In autumn 2024, news that David Hockney’s L’Arbois, St-Maxime would lead a Sotheby’s auction opened a door back to my own photographic past. A casual chat at my local framer’s shop prompted a simple question: did the transparencies from that 1968 studio session still exist, and if so, where? That question led to a digital treasure hunt spanning Pinterest, the Guardian’s archives and the long-closed files of the Observer picture library.
Working with my son and two dedicated archivists, we finally tracked down the original film. Seeing the images on a lightbox again after decades was a shock: there was Hockney in his Kensington studio, surrounded by paint pots and canvases, working at speed on a painting that would soon travel from easel to auction catalogue. The colour, detail and intimacy of those frames convinced me they deserved a public life beyond the archive, which is how they came to form the David Hockney Gallery you can explore on this site.

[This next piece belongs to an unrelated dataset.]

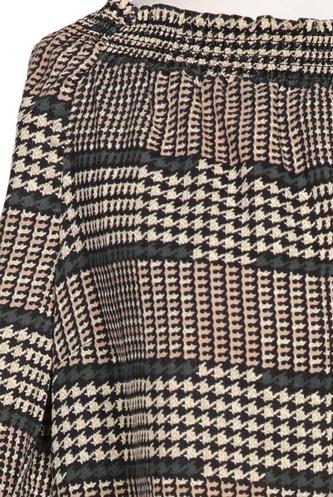 | Details | Satin, Langarm, V-Ausschnitt, verschlusslos, Kariert |
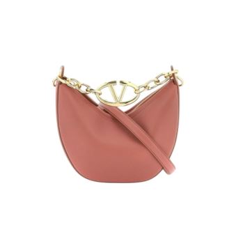 The Valentino Garavani Mini VLogo Moon Hobo Bag in rose brown is a refined accessory that seamlessly blends elegance with a touch of edge. Crafted in Italy from premium grained leather, this structured bag features the iconic VLogo Signature detail in gold-tone hardware. The design includes an integrated gold-tone chain strap with VLogo hardware and a detachable leather shoulder strap, offering multiple carrying options-be it on the shoulder, crossbody, or as a handbag. The top zipper closure secures the leather-lined interior, which includes a card slot for organization. With its compact dimensions and sophisticated design, this bag is perfect for both day and evening occasions. Dimensions: 8.5 L x 3 W x 8.5 H, 1.8 lbs

The timing could not have been better. As the painting attracted attention at Sotheby’s, the photographs provided a complementary narrative – a visual backstory that connects collectors, fans and new audiences with the moment of creation. Together, the auction and the gallery highlight just how far Hockney’s reputation has travelled, from a busy London studio in 1968 to international salerooms more than half a century later.
For anyone discovering these works now, the gallery offers a chance to stand where I stood: in that high-ceilinged room, watching an artist build a career-defining painting layer by layer. Whether you come to Hockney as a collector, a student of art history or simply a curious visitor, these photographs invite you into that story and preserve a fleeting moment when both an artist and a photographer were quietly shaping their own legacies.